N'oublie jamais
Emmanuelle Béart dans Les Egarés (2003) d'André Téchiné
C’était le week-end du 6 juin 2014. Les commémorations du débarquement Allié de 1944 tournait en boucle à la télévision. Les hommages spectaculaires à la plus grande bataille de l’Histoire, se mêlent aux histoires à tailles humaines. Les récits des témoins encore vivants me bouleversent. Aucune guerre n’aura connu un clivage aussi marqué entre le Bien et le Mal. L’Humanité au bord du gouffre à sut faire front au prix du sang.
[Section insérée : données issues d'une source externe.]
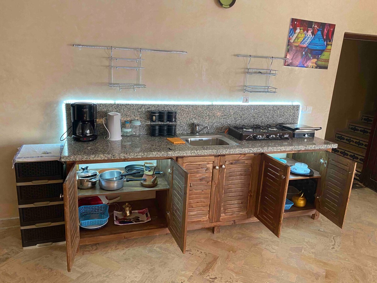 110 m² Umgangatho omdala oqhelekileyo onezixhobo ezipheleleyo. Endleleni yaseBerber yaseMorocco. I-Wood Stock House yindlu yabucala engaselwandle, kanye kwintlabathi enegolide yaseAftas Beach kummandla weMirleft Town kumazantsi eMorocco.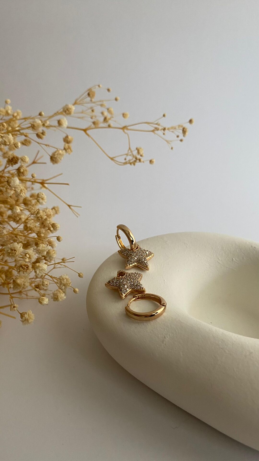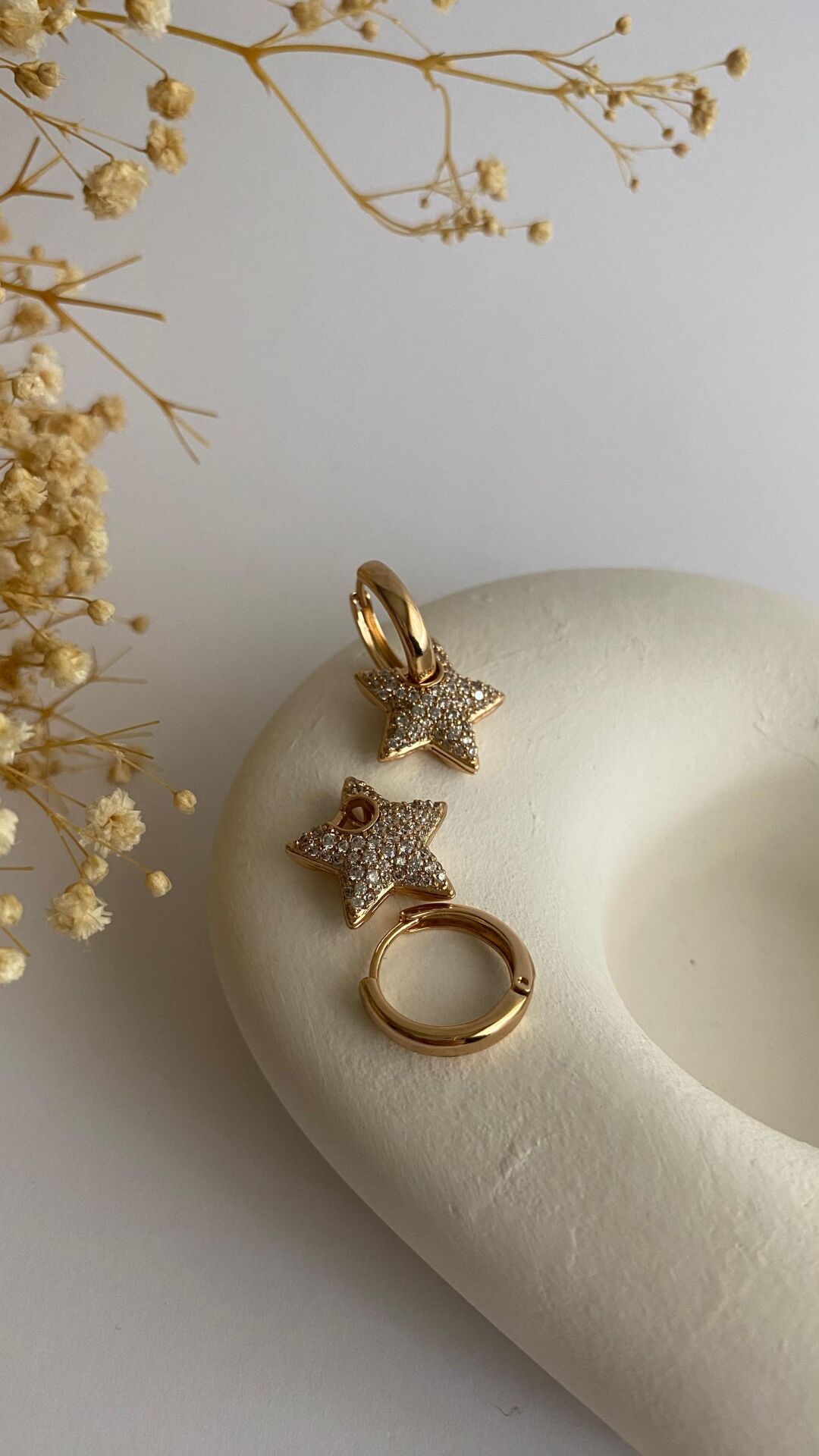 Taşlı yıldız uçlu mini halka küpe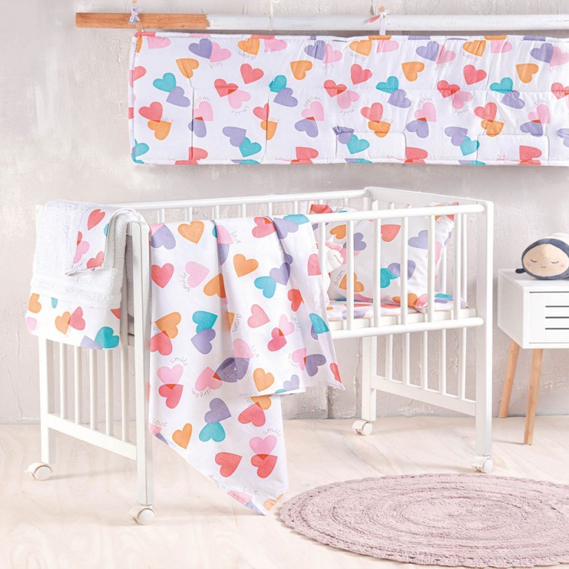Make your baby's crib more beautiful and lovelier than ever with the beautiful Zoey Baby Duvet Cover Set. It has an impressive design with colorful hearts in pastel shades, creating a unique aesthetic effect. Made from pure cotton yarn, this set offers a soft feel and comfort to your baby, while also being designed to provide safety and well-being. The high quality of its materials ensures a long life and durability, while the vivid colors remain bright even after multiple washes. Quality: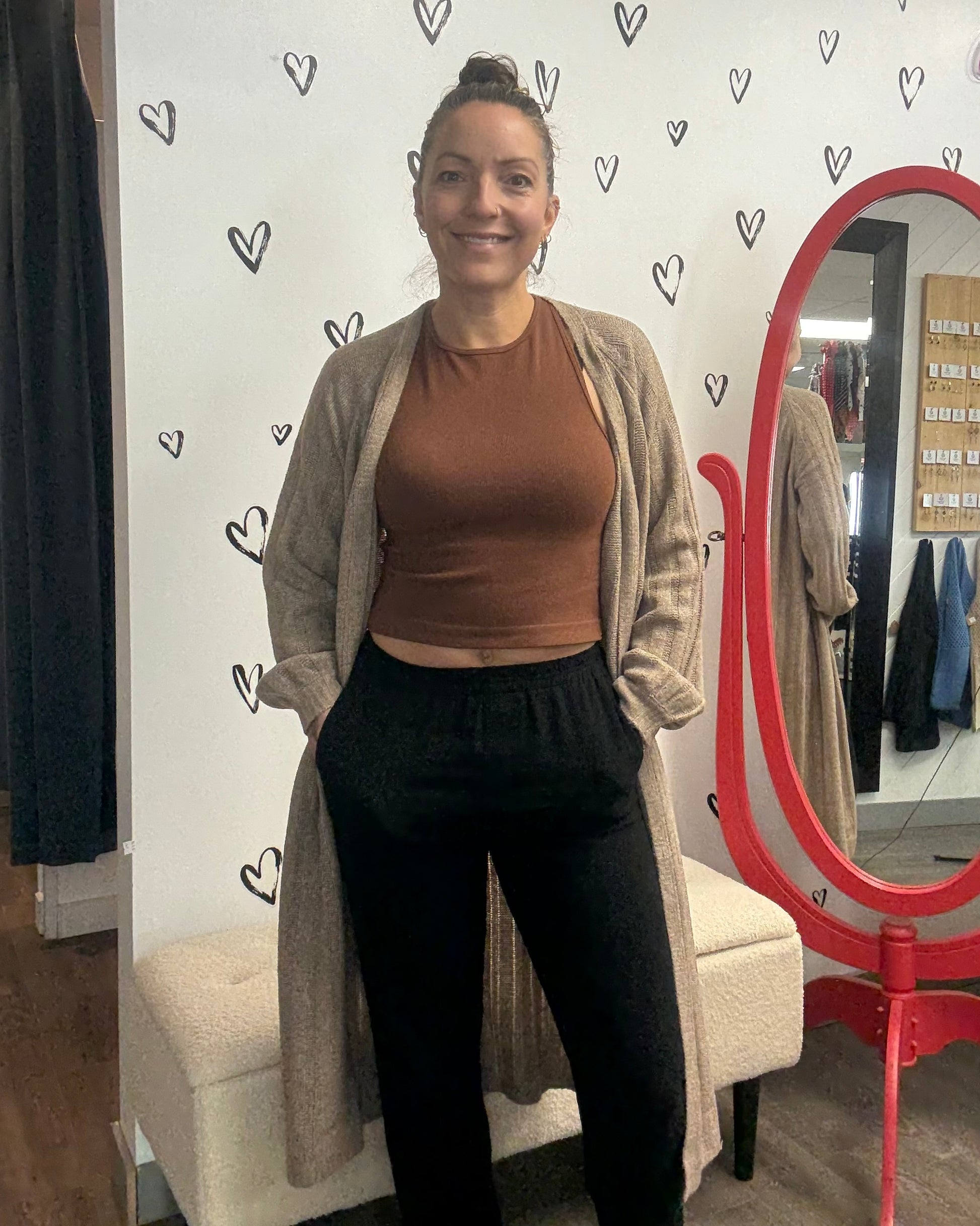 Features: Long sleeve cardigan, shin length, ribbed vertical texture.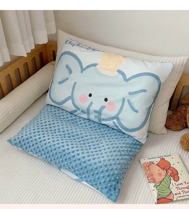 대형 만화 캐릭터 어린이용 순면 콩베개, 유치원생 낮잠베개, 탈부착 및 세탁 가능한 청소년 학생베개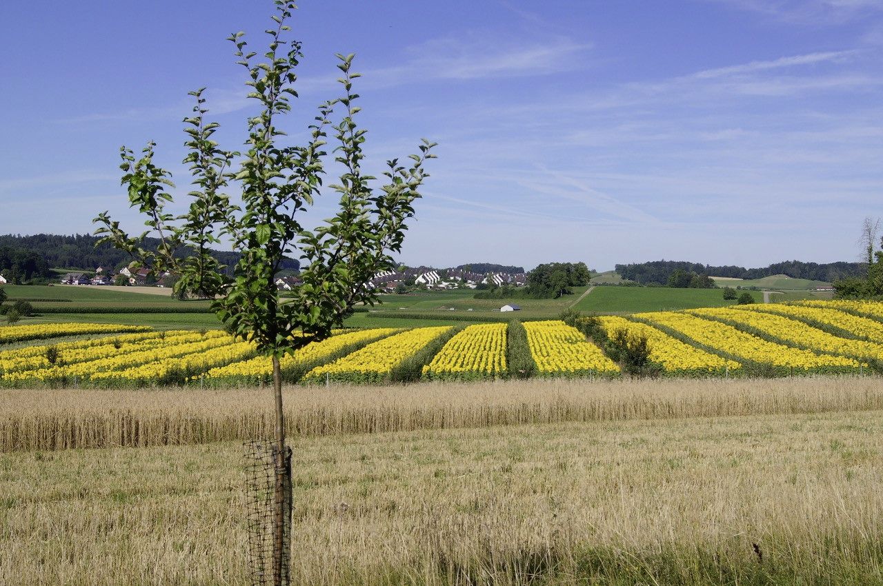 Vor vier Jahren hat die Familie Strauss eine 1,4 Hektaren grosse Agroforstfläche angelegt, die sowohl bei Kunden wie Leute aus der Landwirtschaft auf Faszination und Interesse stösst. «Heuer habe ich über 30 Führungen gemacht. Die Agroforstflächen sind eine wunderbare Plattform, um unsere Kombination von Lebensmittelproduktion und Biodiversitätsleistung zu erklären», so Jürg Strauss. Gepflanzt wurden Apfelbäume, für dessen Ernte die Mosterei Ramseier AG einen langfristigen Abnahmevertrag offeriert hat, zwischen den Baumreihen wuchsen heuer Sonnenblumen, vorher Dinkel und Soja.

Au cours des années suivantes, certains « libérateurs » sont devenus des bourreaux. L’obscurantisme n’est l’apanage d’aucune idéologie, religieuse ou politique. Les conséquences sont toujours les mêmes. Le Mal ne s’épanouît que dans le silence des gens de bien.
J’étais seul ce week-end-là. Mes parents étaient partis en vacances, ma sœur en vadrouille. Je suis pourtant passé faire un tour à la maison familiale pour cueillir quelques cerises. Fruit prolétarien d’un temps disparu que les ouvriers n’ont plus les moyens de s’offrir. J’en ai profité pour rendre visite à mes grands-parents maternels. On a discuté de tout et de rien. On en vient aux commémorations. Une phrase, puis deux… Les souvenirs de cette époque remontent et s’expriment. Je les avais rarement entendus parler de ce sujet, cette « sale période » comme ils disent.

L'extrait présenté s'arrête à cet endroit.